Today: More on functions

Final project posted.

Poll: When do you want Homework deadline? Friday lunch, to enable discussing HW on Friday? Or end of Friday?

Refresher:



In [61]:

    
from math import exp

# Could avoid this by using our constants.py module!
h = 6.626e-34  # MKS
k = 1.38e-23
c = 3.00e8

def intensity(wave, temp, mydefault=0):
    wavelength = wave / 1e10
    B = 2 * h * c**2 / (wavelength**5 * (exp(h * c / (wavelength * k * temp)) - 1))
    return B

Q. Is the following call sequence acceptable?



In [62]:

    
mywave = 5000



In [64]:

    
intensity(mywave, temp=5800.0)









    Out[64]:





0.10237534446584186

No! The following are all OK!



In [65]:

    
print(intensity(5000.0, temp=5800.0))
print(intensity(wave=5000.0, temp=5800.0))
print(intensity(5000.0, 5800.0))









    



26764616298487.527
26764616298487.527
26764616298487.527

This runs, but gives the wrong result: (assuming we want 5800 K blackbody, wavelength of 5000 A) Q. Why?



In [66]:

    
intensity(5800.0, 5000.0)









    Out[66]:





12742982172276.992

Keyword arguments

Function arguments can be given default values so that the arguments can be left out of the function call.



In [74]:

    
def testFunc(arg1, arg2, kwarg1=True, kwarg2=4.2):
    print(arg1, arg2, kwarg1, kwarg2)

The first two arguments in this case are "positional arguments."
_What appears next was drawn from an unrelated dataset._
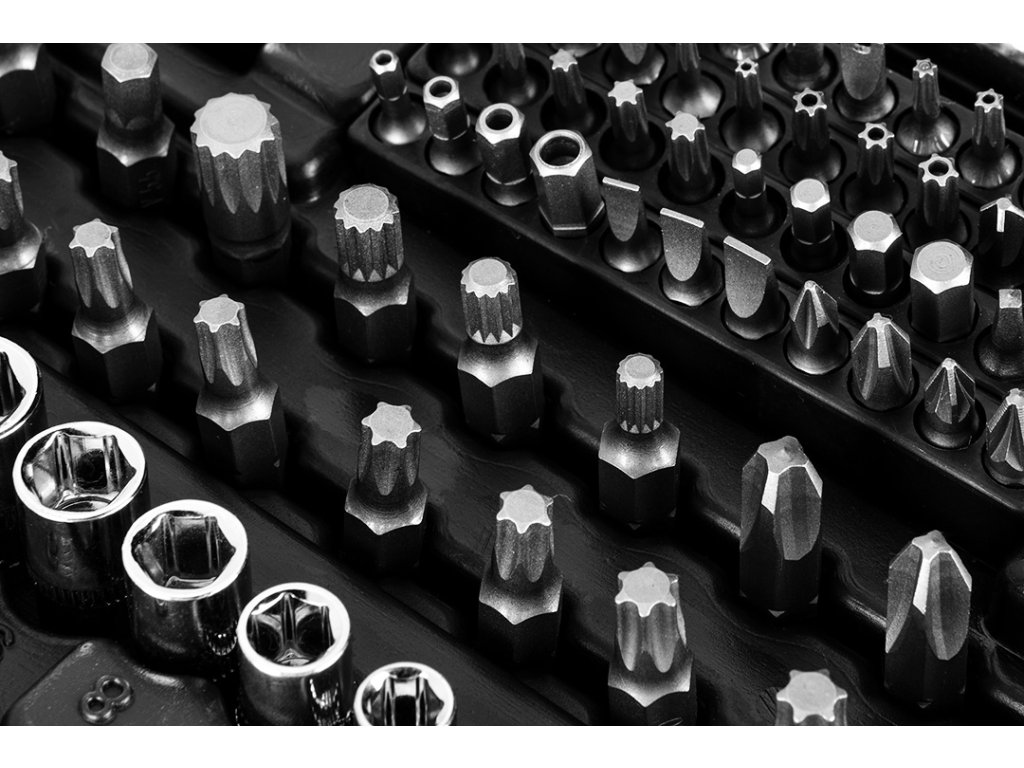 Nástrčné kľúče 219 ks, 1/4", 3/8", 1/2", CrV oceľ, šesťhranné hlavice 1/2" 15 ks: 10, 11, 12, 13, 14, 15, 17, 19, 20, 21, 22, 24, 27, 30, 32 mm, 1/2" dlhé nástrčné hlavice 5 ks: 16, 17, 18, 19, 22 mm, E nástrčné hlavice 1/2" 4 ks: E18, E20, E22, E24; 1/2" sviečkové zásuvky 16 mm a 21 mm; 1/2" nástavce: 1/2" univerzálny kĺb, 1/2" dutý adaptér, 1/2" bitová zásuvka T55, T60; 1/2" račňa, 90 zubov, kľúče 12 ks: 8, 9, 10, 11, 12, 13, 14, 15, 16, 17, 18, 19 mm; držiak bitov 1/2", 5/16"; objímka na sviečky 3/8" 18 mm, šesťhranná objímka 3/8" 10 ks: 10, 11, 12, 13, 14, 15, 16, 17, 18, 19 mm; šesťhranná objímka 3/8", dlhá 6 ks. 10, 11, 12, 13, 14, 15 mm; zásuvka E, 3/8" 5 ks: E8, E10, E12, E14, E16; predĺženie 3/8" 125 mm, univerzálny kĺb 3/8"; držiak bitov 3/8", 5/16"; račňa 3/8" 90 zubov; nástrčné hlavice 1/4" 13 ks: 4, 4,5, 5, 5,5, 6, 7, 8, 9, 10, 11, 12, 13, 14 mm, nástrčné hlavice 1/4" dlhé: 4, 5, 6, 7, 8, 9, 10 mm; predĺženie 1/4" 100 mm, predĺženie 1/4" 50 mm, nástrčné hlavice E 1/4" 5 ks: E4, E5, E6, E7, E8; univerzálny kĺb 1/4"; kľučka 115 mm; račňa 1/4", 90 zubov; šesťhranné kľúče 10 ks: 1,27 mm (x2), 1,5 mm (x2), 2 mm(x2), 2,5 mm, 3 mm, 4 mm, 5 mm; držiak bitov 1/4"; rukoväť skrutkovača 1/4" CrV; kľučka zberača 1/4", rukoväť 65 mm; zásuvka 1/4", 30 ks s bitom: SL4, SL5,5, SL6,5, SL7, PZ1, PZ2, PZ3, TX8, TX9, TX10, TX15, TX20, TX25, TX27, TX30, TT8, TT9, TT10, TT15, TT20, TT25, TT27, TT30, HEX3, HEX4, HEX5, HEX6, PG1, PG2, PG3; 30 mm bity, 30 ks. : TX25, TX27 (x2), TX30 (x2), TX35 (x2), TX40 (x3), TX45 (x2), TX50 (x2), HEX5.5, HEX6 (x2), HEX7, HEX8, SL6, SL6.5, SL8, PH3, PH4, PZ3, PZ4, M5, M6, M8, M10; bity 25 mm 44 ks: HEX3, HEX4, HEX5, HEX6, HH3, HH4, HH5, HH6, PH1, PH2, PZ1, PZ2, TX8, TX10, TX15, TX20, TX25, TT8, TT10 (x2), TT15, TT20(x3), TT25(x2), TT40, M5, M6, M8, SL4, SL5, SL5. 5; TRI-WING: 1, 2, 3; TORQ 6, 8, 10, S1, S2, ploché 4, 6, 8. Záruka 25 rokov. Certifikát TÜV Rheinland M+T.

The second two are named "keyword arguments".

Keyword arguments must follow positional arguments in function calls.

Q. What will this do?



In [76]:

    
testFunc(1.0, 2.0)
testFunc(1.0, 2.0, 3.0)  # NOTE! I do not HAVE TO use the keyword access!









    



1.0 2.0 True 4.2
1.0 2.0 3.0 4.2

Let's practice using an example from the book:

$$f(t)=A \cdot e^{-at} \cdot \sin({\omega \cdot t})$$



In [77]:

    
from math import pi, exp, sin
tau = 2*pi

# t is positional argument, others are keyword arguments
def f(t, A=1, a=1, omega=tau):
    return A * exp(-a * t) * sin(omega * t)

v1 = f(0.01)  # Only the time is specified
v1









    Out[77]:





0.062165743421020596

Q. What will this yield?



In [78]:

    
v1 = f(A=2, t=0.01)
v1









    Out[78]:





0.12433148684204119

Here is a nice example from the book demonstrating using a while loop, a function, and a TOLERANCE to sum an infinite series to the needed precision. This is similar to our example with the sine curve from last week.
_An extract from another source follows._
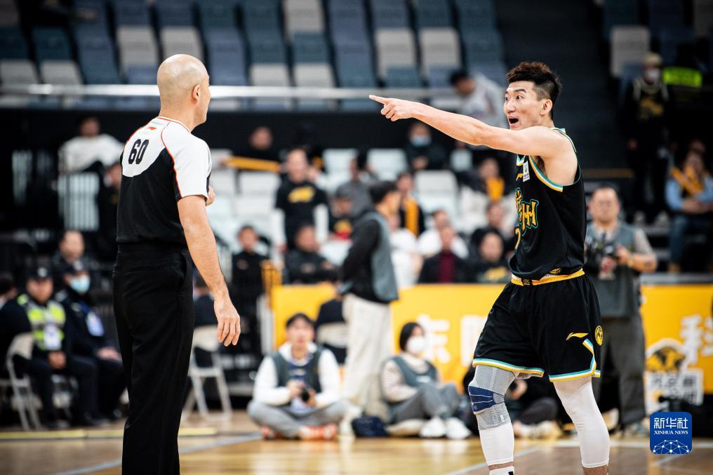 12月4日,浙江东阳光药队球员孙铭徽(右)在比赛中对判罚表达不满。新华社记者 江汉 摄
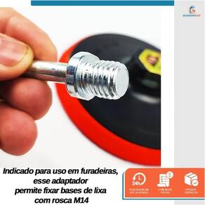 Aplicações: Indicado para uso em furadeiras, esse adaptador permite fixar bases de lixa com rosca M14, facilitando trabalhos de desbaste e acabamento em madeira, metal e outros materiais. Ideal para profissionais e hobbystas que necessitam de uma adaptação prática e segura.

$$e^x = \sum_{i=0}^{\infty} \frac{x^i}{i!}$$

i.e., approximate with N terms as:

$$e^x \approx \sum_{i=0}^{N} \frac{x^i}{i!}$$



In [79]:

    
import math

def exponential(x, epsilon=1e-6):
    total = 1.0
    i = 1
    term = (x**i) / math.factorial(i)
    
    while abs(term) > epsilon:
        term = x**i / math.factorial(i)
        total += term
        i += 1
    
    return total, i

Notice how instead of comparing neighboring estimates of the sum as we did for the sine function last time (i.e., estimates using N and N+1 terms), we just look at how big the Nth term is.



In [80]:

    
total, i = exponential(2.4, epsilon=1e-2)
print(exponential(2.4, epsilon=1e-4))
print(exponential(2.4))
print(math.exp(2.4))









    



(11.023159438717405, 13)
(11.023176313308625, 16)
11.023176380641601

OK, we've now seen lots of examples of functions.

Q. What's missing? Have there been ambiguities in the functions we've written?
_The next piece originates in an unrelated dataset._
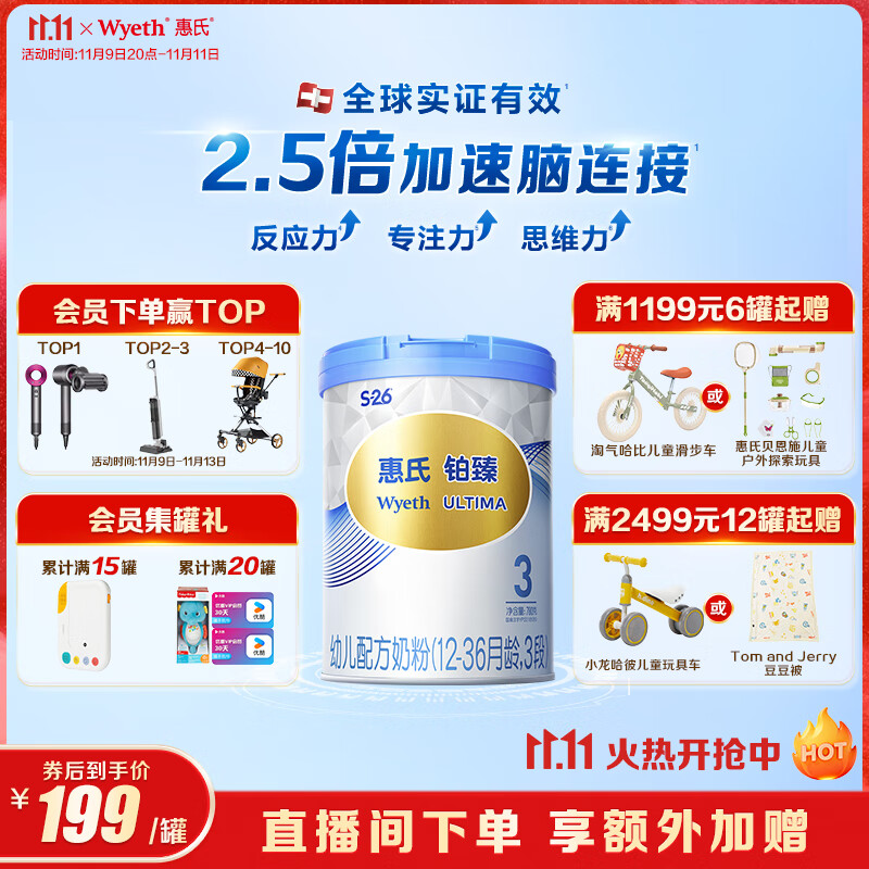 惠氏(Wyeth)铂臻进口DHA幼儿配方奶粉3段(12-36月)780g

Consider our Planck function example:



In [ ]:

    
from math import exp

h = 6.626e-34  # MKS
k = 1.38e-23
c = 3.00e8

def intensity(wave, temp):
    wavelength = wave / 1e10
    inten = 2 * h * c**2 / (wavelength**5 * (exp(h * c / (wavelength * k * temp)) - 1))
    return inten

Doc-strings (review)

Document strings are inserted right below the function header (def line) to describe the purpose of the function and what the arguments and return values are. Triple quotes allow the descriptions to span several lines. Doc strings should include a description of the function, a list of arguments, and an example.



In [83]:

    
import math
def exponential(x, epsilon=1e-6):  
    """
    This function calculates exp(x) to a tolerance
    of epsilon.

    Parameters
    ----------
    x :  exponent
    epsilon :  tolerance
    returns :  exp(x), number of terms include (after 1.0)

    Example from interactive shell:
    >>> sum, i = exponential(0.15)
    >>> print i-1, sum
    5, 1.16183422656
    """
    total = 1.0
    i = 1
    term = (x**i) / math.factorial(i)
    
    while abs(term) > epsilon:
        term = x**i / math.factorial(i)
        total += term
        i += 1
    
    return total, i



In [81]:

    
total, i = exponential(0.15)
i - 1, total









    Out[81]:





(5, 1.1618342265625)

Q. So, what should doc strings contain in general?

Python can extract the doc string to read: (Must run above cell before this next one)



In [84]:

    
print(exponential.__doc__)

# How handy!!









    



    This function calculates exp(x) to a tolerance
    of epsilon.

    Parameters
    ----------
    x :  exponent
    epsilon :  tolerance
    returns :  exp(x), number of terms include (after 1.0)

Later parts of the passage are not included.